→ **WORK INSTRUCTIONS**:
The required answer is an exact copy of every line from the beginning of the entries through the line with "从tornado cash 提取加密货币的人也可以使用「中继器」程式。中继者接收提款请求,然后代表用户将其提交给tornado", with all pictures omitted.

****

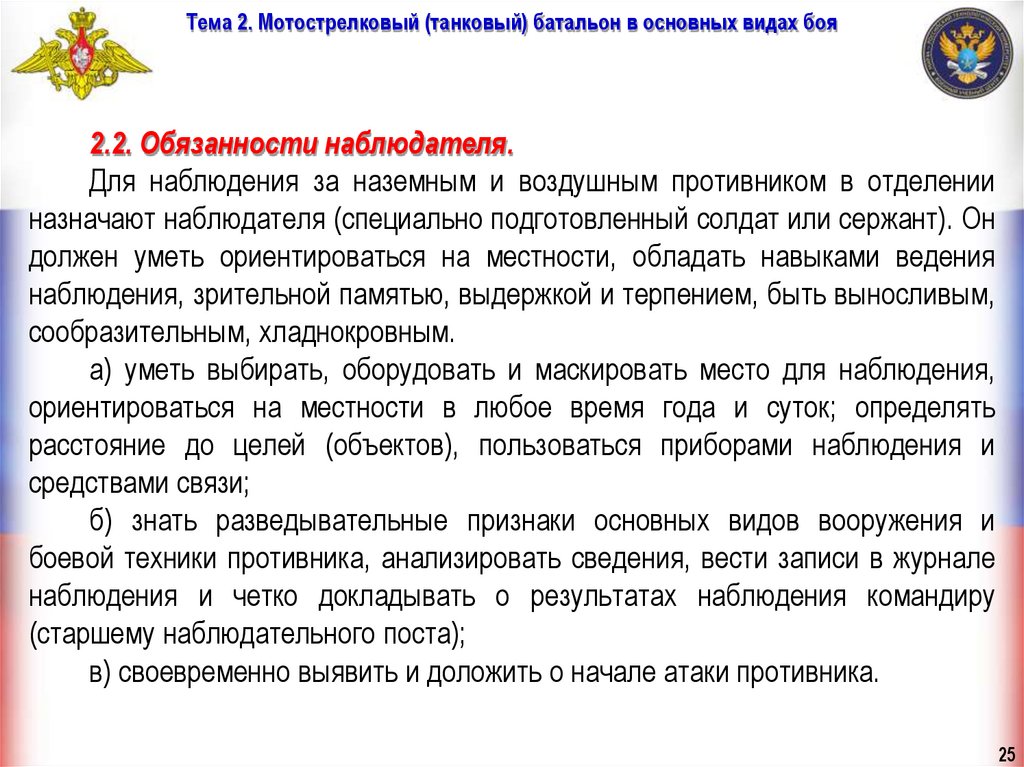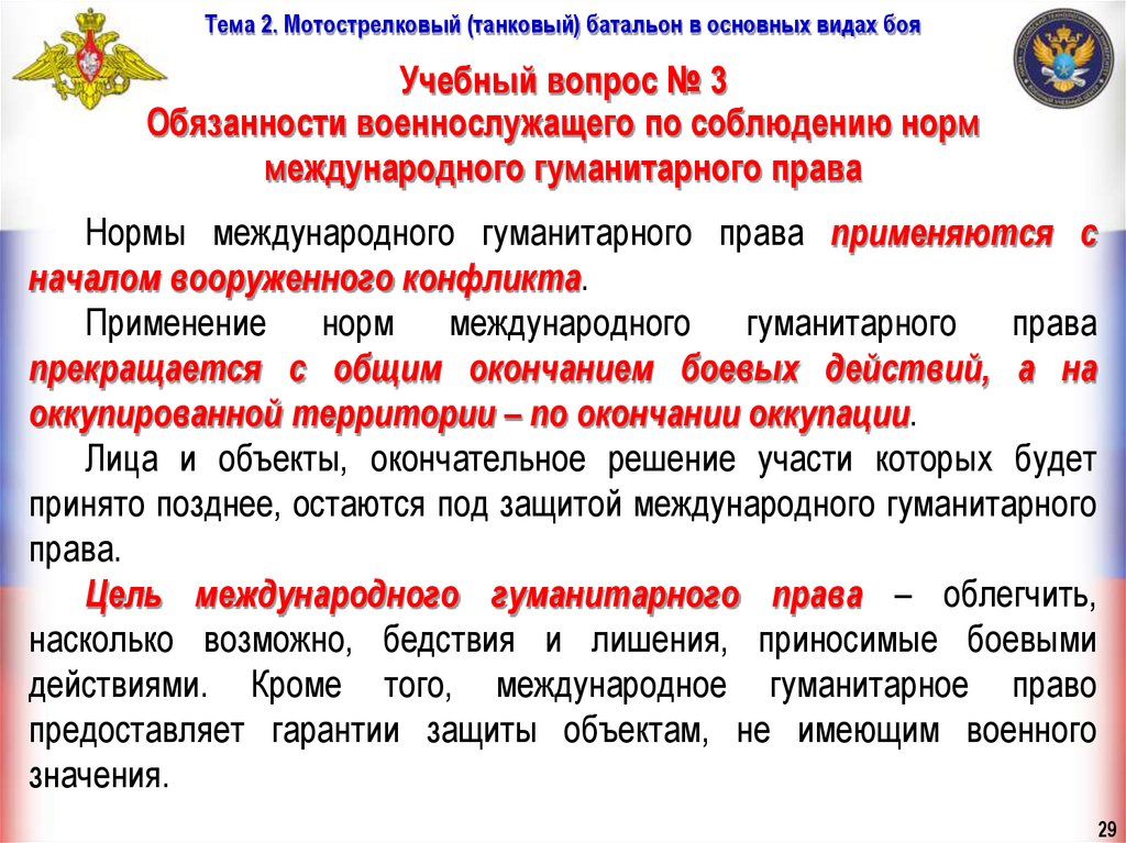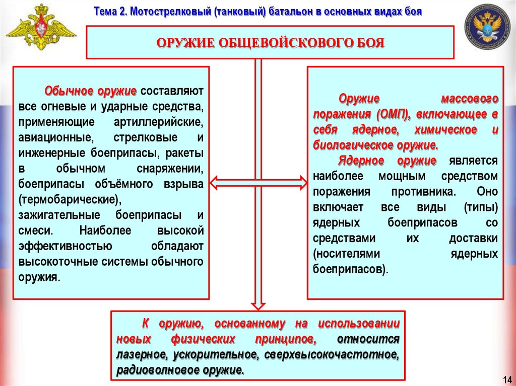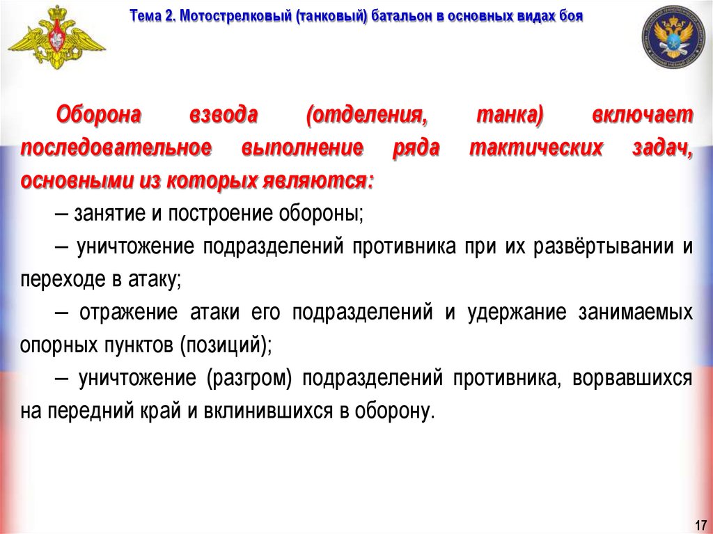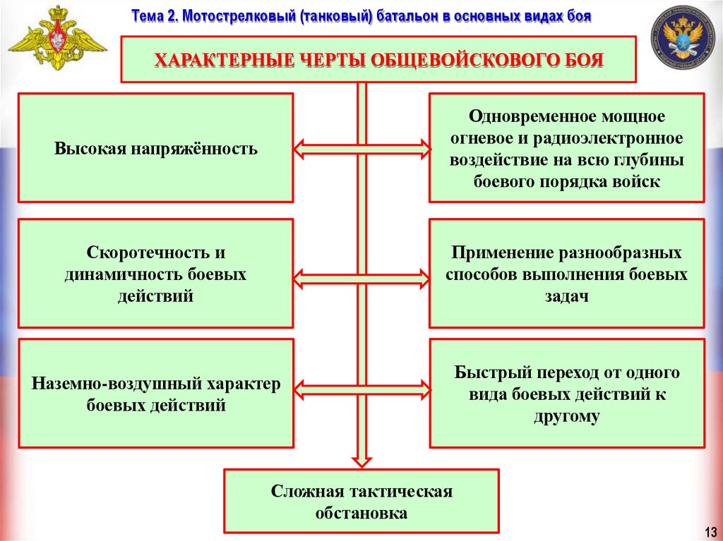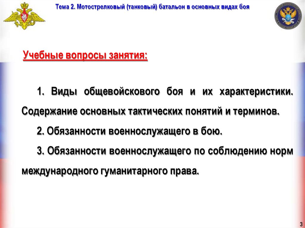 Тема 2. Мотострелковый (танковый) батальон в основных видах бояУчебные вопросы занятия:
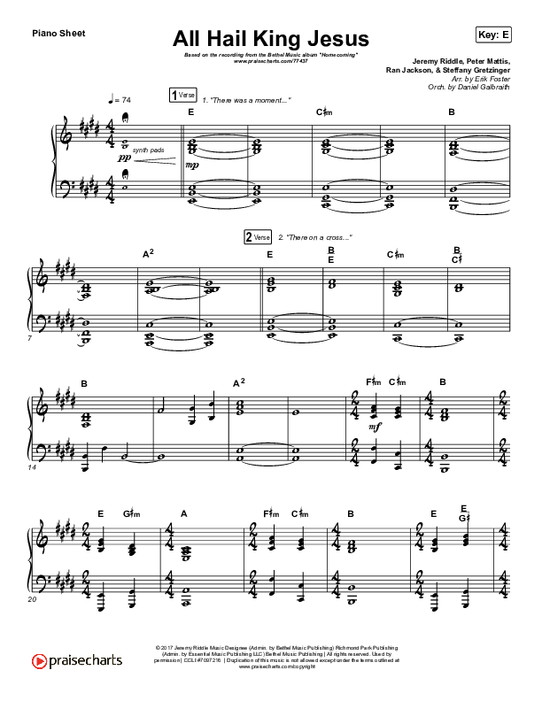 Download the Orchestration for All Hail King Jesus (Live) by Bethel Music / Bethany Wohrle, from the album Homecoming. This song was arranged by Erik Foster / Daniel Galbraith in the key of B, C, D, E, Eb, F, G.
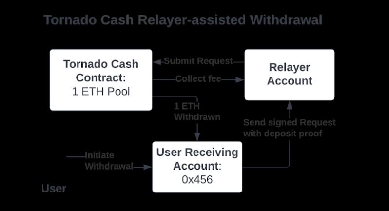 从tornado cash 提取加密货币的人也可以使用「中继器」程式。中继者接收提款请求,然后代表用户将其提交给tornado cash。因此,该人可以从tornado cash 提取加密货币,而无需将提款交易直接连结到他们的加密钱包位址,从而进一步保护他们的隐私。
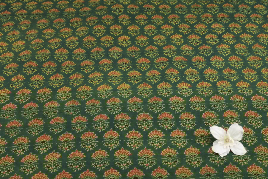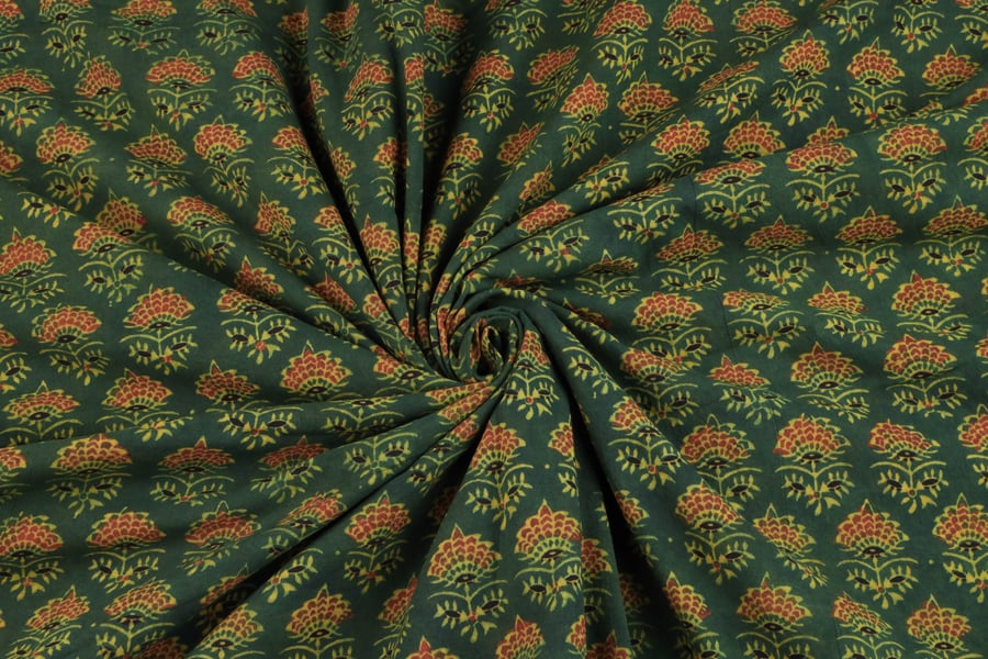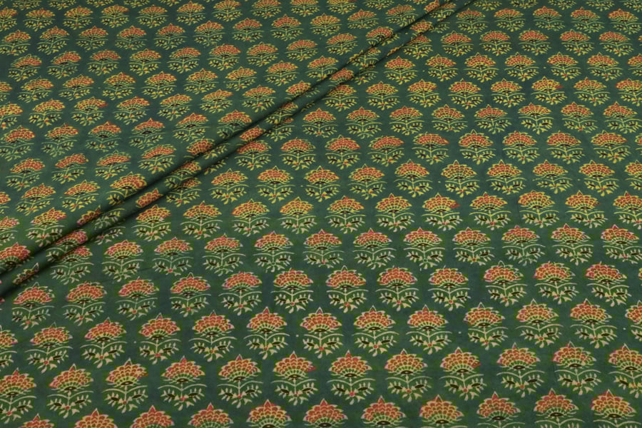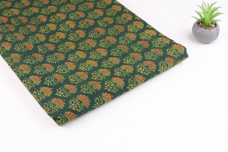 Hunter Green Phool Buti Ajrakh Cotton Fabric
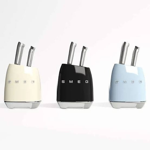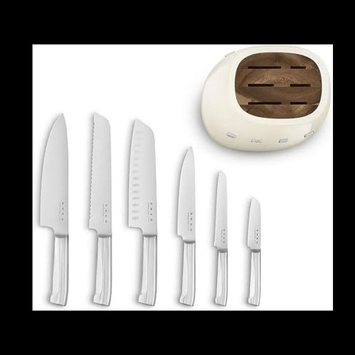 با این ست بلوک چاقو 7 تکه ، استایل کلاسیک SMEG و ظاهری قدیمی دهه 1950 را به میز آشپزخانه خود بیاورید! بلوک چاقوی چوب اقاقیا دارای بدنه بیرونی فولاد کربنی با پوشش پولیش است که به راحتی تمیز میشود و به رنگ کرم براق پوشیده شده است برای هماهنگی با سایر لوازم SMEG رنگ است.پایههای ضد لغزش مانع از لغزش بلوک در هنگام برداشتن چاقو میشوند. چاقوهای این مجموعه دارای تیغه های با کیفیت استیل ضد زنگ آلمانی و دسته های فولادی ضد زنگ صیقلی و بسیار بادوام هستند و برای کارهای روزمره برش انواع مواد غذایی آماده هستند. این مجموعه شامل چاقوی سبزیجات، چاقوی همه کاره، چاقوی گوشت، چاقوی سانتوکو، چاقوی نان و چاقوی آشپز می باشد.
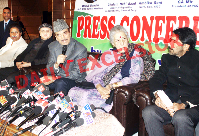 Congress leaders Ghulam Nabi Azad and Ambika Soni addressing press conference in Jammu on Friday. -Excelsior/Rakesh By Daily Excelsior - January 18, 2020 Share FacebookTwitterWhatsAppPinterestLinkedinCopy URLTelegramEmailTumblrReddItPrintKoo Congress leaders Ghulam Nabi Azad and Ambika Soni addressing press conference in Jammu on Friday. -Excelsior/Rakesh Congress leaders Ghulam Nabi Azad and Ambika Soni addressing press conference in Jammu on Friday. -Excelsior/Rakesh Follow our WhatsApp channel
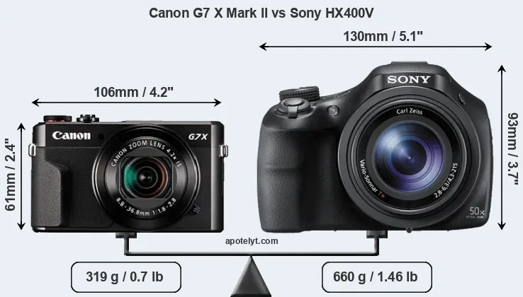 La Canon PowerShot G7 X Mark II e la Sony Cyber-shot DSC-HX400V sono due fotocamere digitali rivelate al pubblico rispettivamente a febbraio 2016 e febbraio 2014. Sia il G7X Mark II e il HX400V sono fotocamere compatte con obiettivo integrato, che sono dotati di un sensore da 1 pollice (G7X Mark II) e un sensore da 1/2,3 pollice (HX400V). La Canon ha una risoluzione di 20,0 megapixel, mentre la Sony fornisce 20,2 MP.

****

→ **TASK RESULT**:
 Тема 2. Мотострелковый (танковый) батальон в основных видах бояУчебные вопросы занятия:
 Download the Orchestration for All Hail King Jesus (Live) by Bethel Music / Bethany Wohrle, from the album Homecoming. This song was arranged by Erik Foster / Daniel Galbraith in the key of B, C, D, E, Eb, F, G.
 从tornado cash 提取加密货币的人也可以使用「中继器」程式。中继者接收提款请求,然后代表用户将其提交给tornado cash。因此,该人可以从tornado cash 提取加密货币,而无需将提款交易直接连结到他们的加密钱包位址,从而进一步保护他们的隐私。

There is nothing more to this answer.